BMs only cares about voltages and currents. and those are dependant on the chemistry.

check the bluetooth bms thread for a suitable bms for you. considering the currents you might want to do some upgrades.

phazaar said:
flippy said:
i would just buy a balance board and nothing else if you are going to use it in a car. :roll:
Why's that, out of interest?
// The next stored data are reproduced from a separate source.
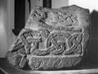Other than the piece once recorded at Repton (no. 18, Ills. 347-8), hogback monuments are relatively rare in the Midlands; elsewhere they are generally assumed to have rested over a grave and are related to the period of Scandinavian settlement (e.g. Lang 1984). The surviving animal head at one end of the gable ridge strongly suggests that like other examples a similar (confronting) head would have adorned the other end of the stone. Lang (1984, 89) associated the monument type with Norse settlement and particular locations on the edge of relatively marginal land. However, this does not seem to apply to Derby, although further to the north of Derby, such landscapes exist. Whether the monument was erected to commemorate a Norseman is unknown; unlike York where control is known to have been held periodically by both Danes and Norsemen, the leaders of Viking-period Derby are not recorded.
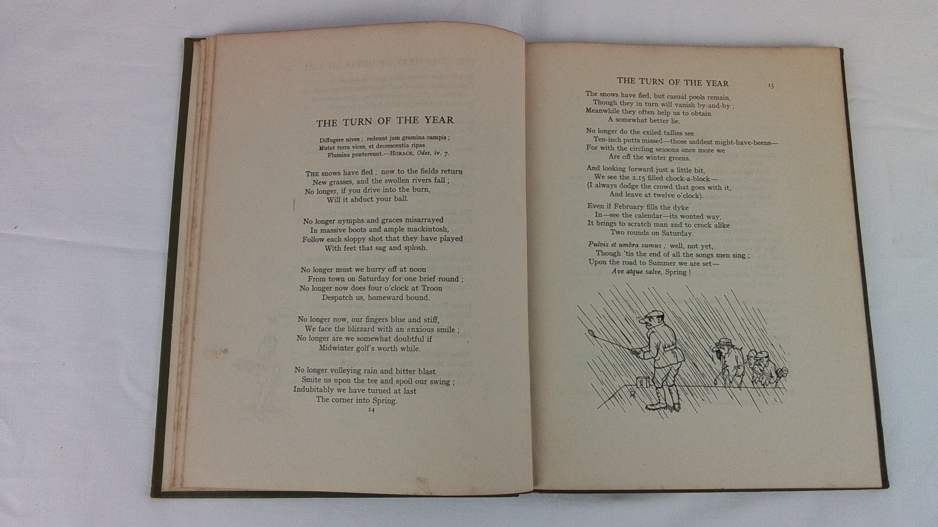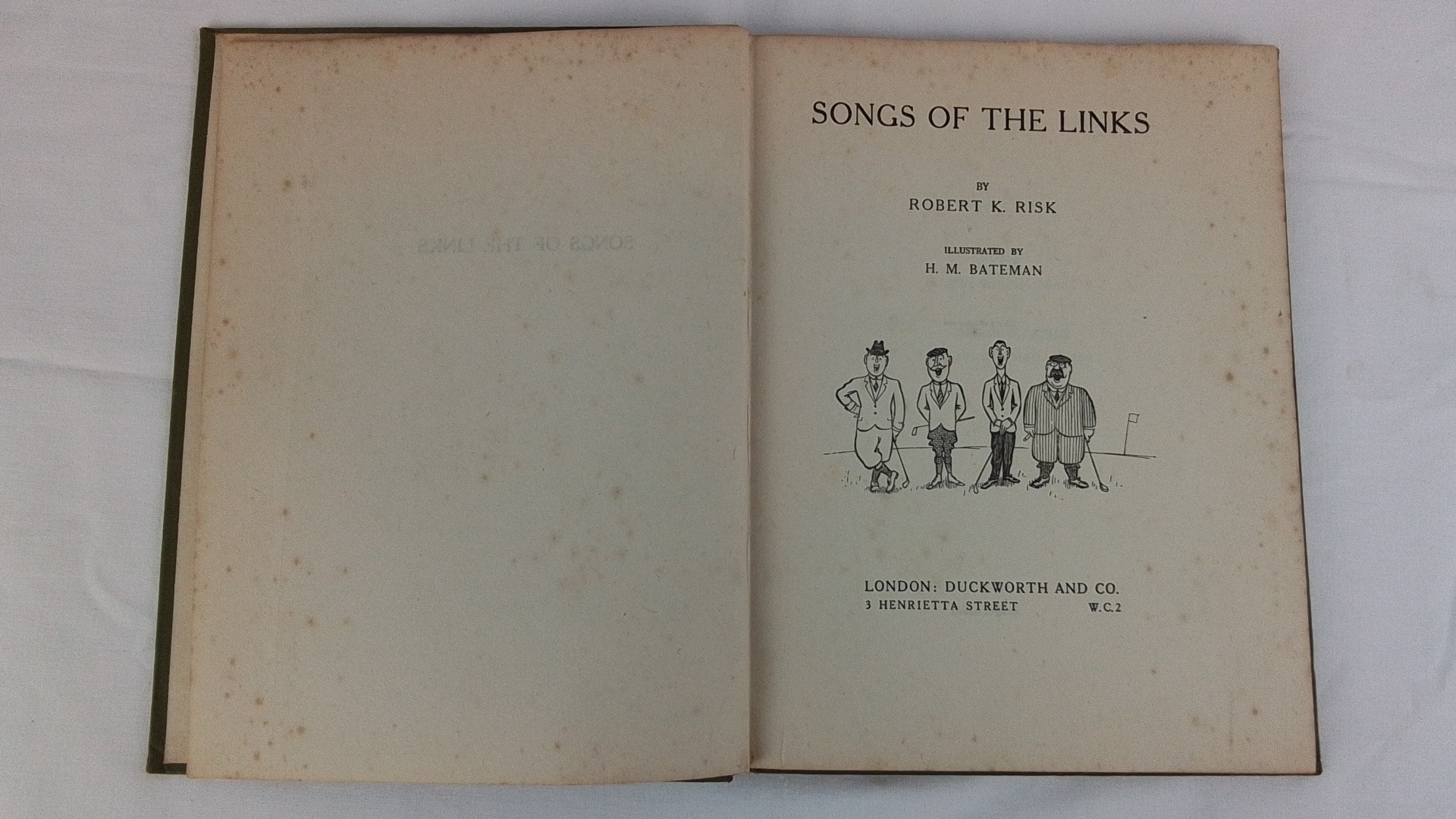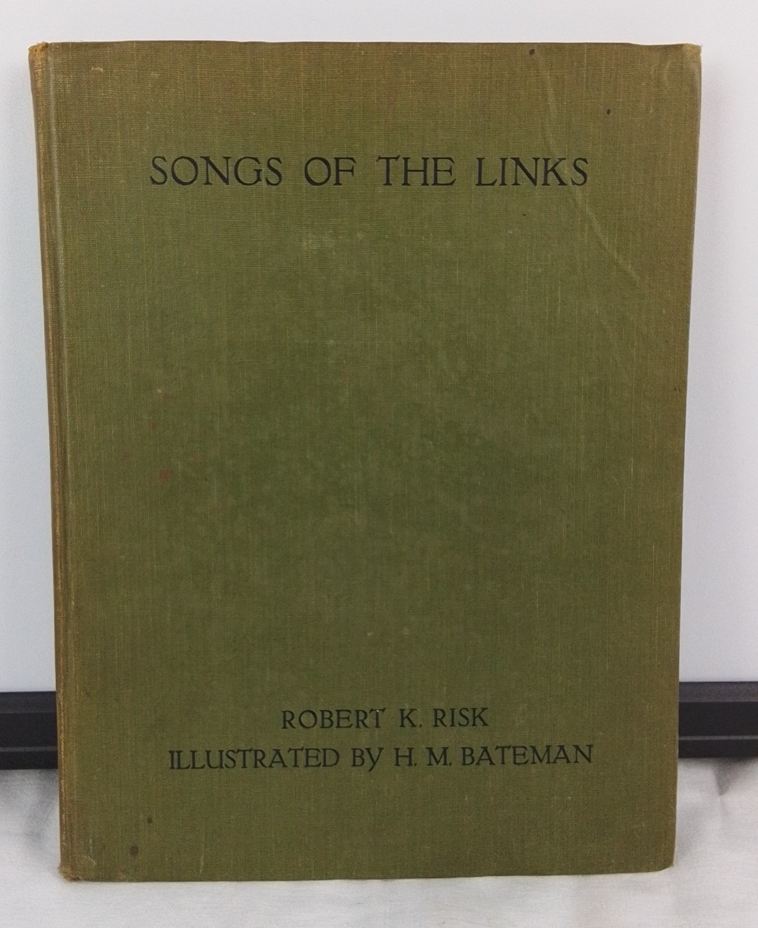 A copy of "Songs of the Links" by Robert K. Risk, illustrated by H. M. Bateman, published by Duckworth & Co., London; green cloth boards.
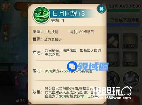 主动技能:日月同辉武当绝学,损己伤敌,取与敌人同归于尽之意,作用目标敌方血量最少侠客,造成95%武力+75%内力+一定的技能等级伤害。同时减少自身当前8%的气血,根据自己减少的气血对敌人造成双倍伤害,当敌方血量少于30%时触发致命一击效果。
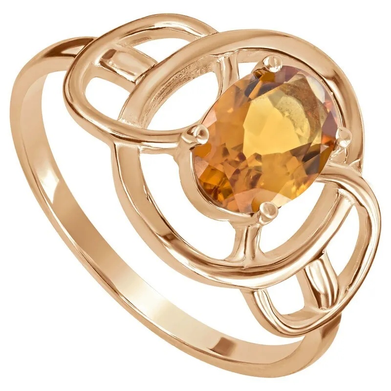 Серебряное кольцо с натуральным цитрином (мадейра) - коллекция Юнона / покрытие Розовое Золото
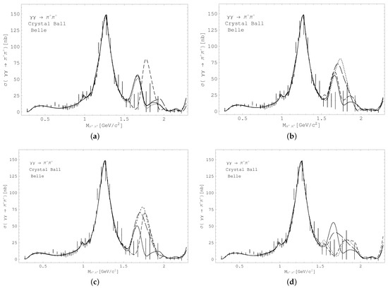 Next we consider the role of individual isoscalar-tensor mesonic resonances in saturation of the energy spectrum of the process . It is worth making, because interval 1.5–1.73 GeV, where our calculations diverge with the data [see Figure 1b], are in the region described mainly by the D-wave.
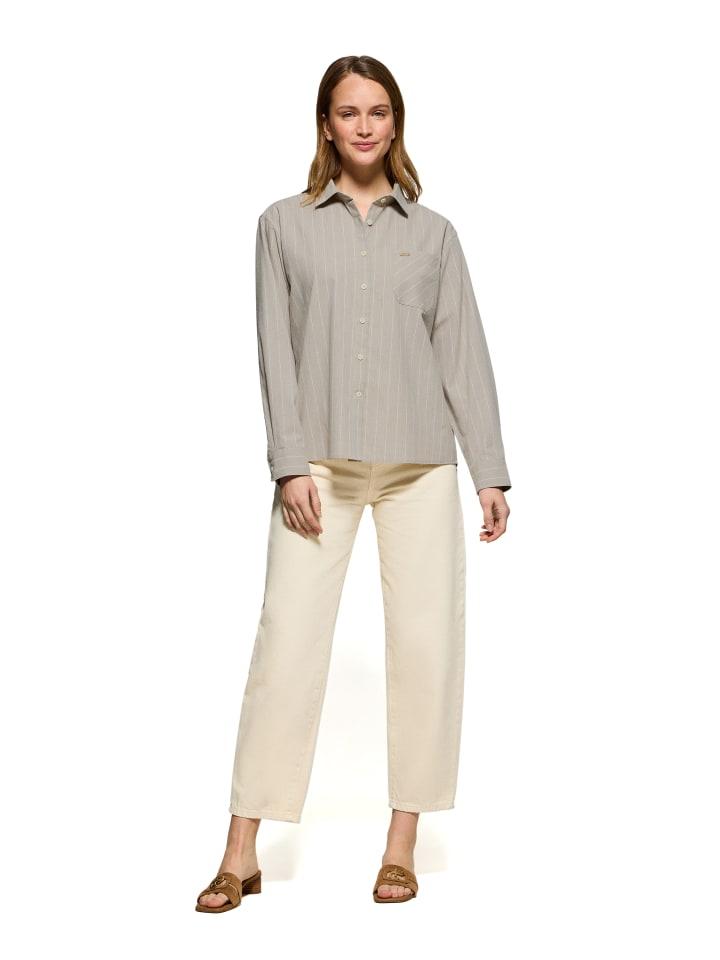 Женская рубашка Scalet, сшитая из свежей льняной ткани, сочетает в себе стиль и комфорт. Уникальный полосатый дизайн с использованием ткани с разнонаправленными полосками придает ей современный и изысканный вид. Свободный крой и элегантный французский воротник идеально дополнят любой повседневный образ.
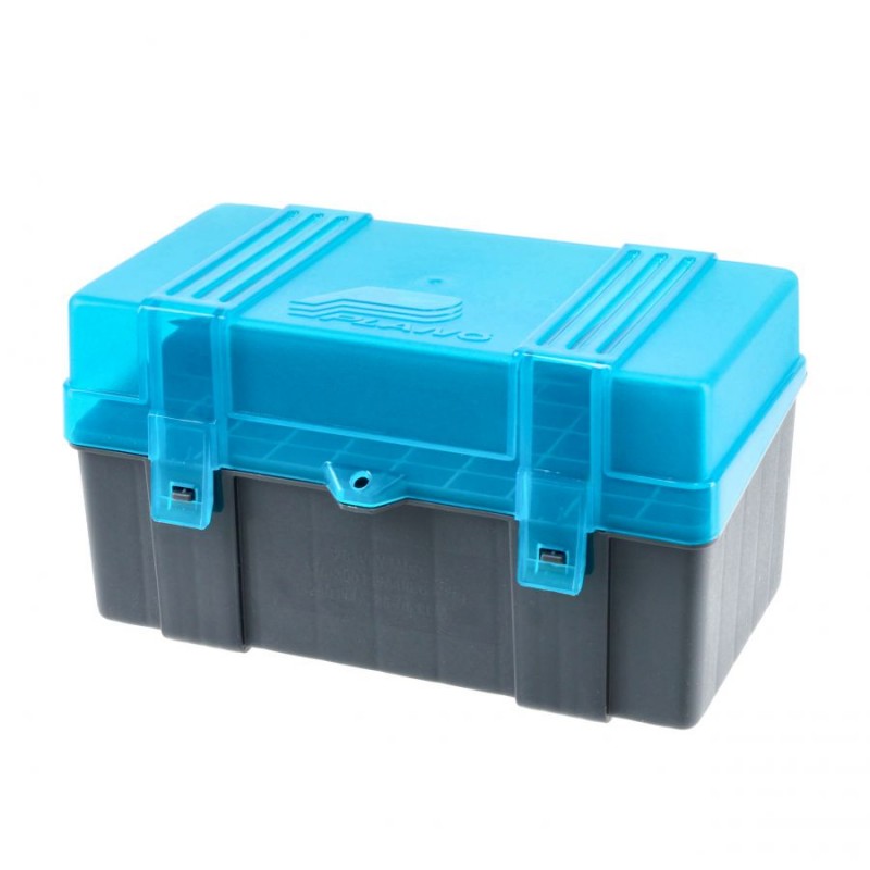 Pudełko Plano 123050 zamykane jest za pomocą pokrywy w niebieskim kolorze ułatwiającym identyfikację. W pokrywie umieszczono otwór o średnicy 4 mm, który umożliwia zamocowanie kłódki zabezpieczającej przed otwarciem.
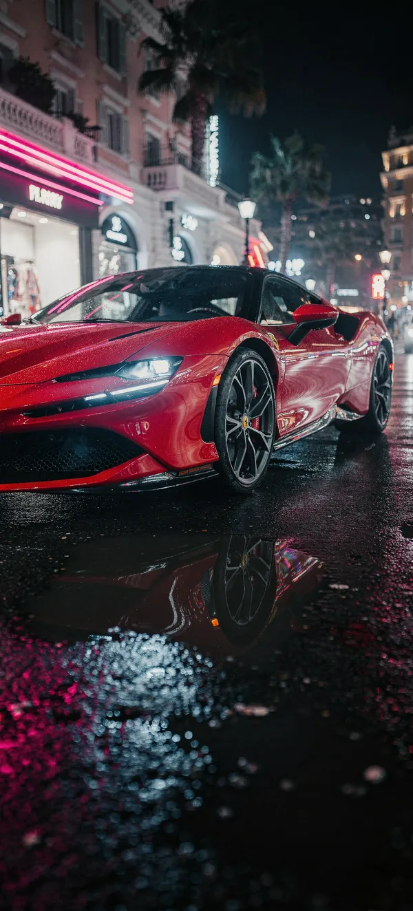 CarsUltra-realistic 4K phone wallpaper of a stunning red Ferrari SF90 Stradale on a wet Monaco street with vibrant neon reflections and cinematic lighting.
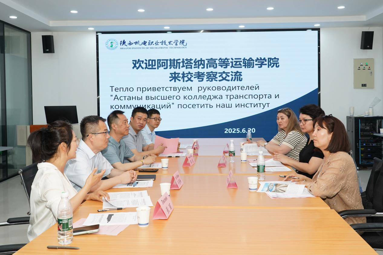 2025年6月19日~20日,哈萨克斯坦阿斯塔纳高等运输公司副董事长古丽纳斯一行3人到访tyc122cc太阳成集团开展调研交流。陕西机电职业技术公司党委书记伊逊智、副经理张克热情接待了古丽纳斯一行,tyc122cc太阳成经理卢彦峰、智能制造公司经理马海彦、电子信息公司经理高赋、国际合作与交流中心负责人姜有奇、俄语翻译张丽陪同调研。
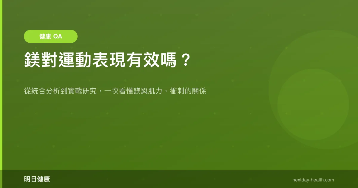 統合分析顯示:可以,但效果因人而異。Wang 等人(2017)彙整多項研究後發現,補充鎂能顯著改善握力與腿部力量,尤其在老年人族群中效果最明顯——原因很可能是他們基線鎂狀態本來就偏低。不過,對於鎂攝取已經足夠的運動員來說,額外補充的效益就沒那麼一致了,這是一個重要的研究限制。換句話說,缺鎂的人補了有感,不缺的人補了可能沒差。
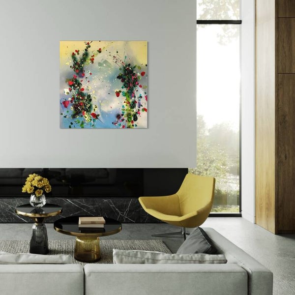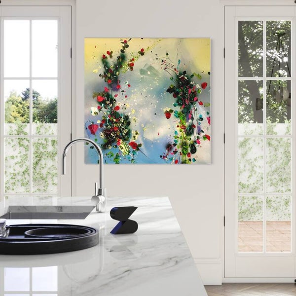 Abstract textured acrylic painting on canvas 100x100x2cm. Mixed Media on gallery wrapped canvas. The work is ready to hang. No framing required. The sides of the work are painted.
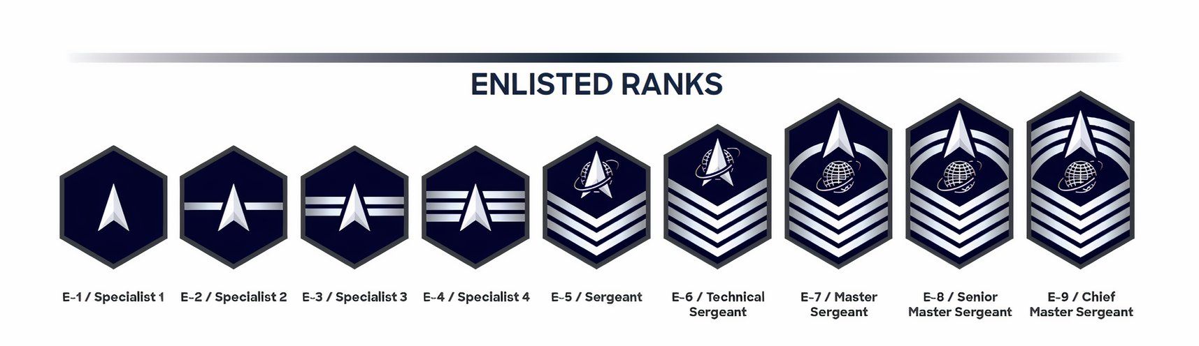 E-1 は最も基本的な宇宙軍のランクであり、基礎訓練を完了すると達成されます。優秀な新入社員の中には、基礎訓練を E-2 または E-3 として卒業する人もいます。しかし、これは60人から70人の訓練小隊のうち卒業生は5人以下だろう。

Because the alternator should protect its output voltage anyway?
It will be used for an offgrid system with generator and solar input, as well as high and low amp outputs, so protection seemed important... Am I just paranoid?
no, because a bms on a car battery will trigger when you dont want to. and the currents can go into the hundreds of amps discharge and well over 100A charge.

for offgrid i would first see if you can crank the voltage. go to a 24 or 48V system in order to lower the current and increase efficiency.

what have you already bought or is fixed?
 
flippy said:
BMs only cares about voltages and currents. and those are dependant on the chemistry.

check the bluetooth bms thread for a suitable bms for you. considering the currents you might want to do some upgrades.

no, because a bms on a car battery will trigger when you dont want to. and the currents can go into the hundreds of amps discharge and well over 100A charge.

for offgrid i would first see if you can crank the voltage. go to a 24 or 48V system in order to lower the current and increase efficiency.

what have you already bought or is fixed?

Thanks for the prod in the right direction - the Bluetooth BMS thread does help but finding anything that could be delivered in days in the UK rather than months would be good. Any suppliers I should know about, even sans Bluetooth? By upgrades do you mean mosfets for higher current etc?

Can I confirm, do I need to find a 4S 200A BMS, or would any number of channels > 4 be fine?

Unfortunately I'll only be able to get 4 of these cells, and already have 18V panels and lots of 12V equipment, so it's 12V all the way!
 
Make sure that the BMS is made for LiFePO4 chemistry. The cell voltages are different.
Estimate the maximum current draw you will require and size the BMS to handle it.
Make sure the BMS has balancing capability.
Some BMS's can be used for a smaller cell count than they are capable of managing, but not all. Finding one that is made for 4s shouldn't be difficult.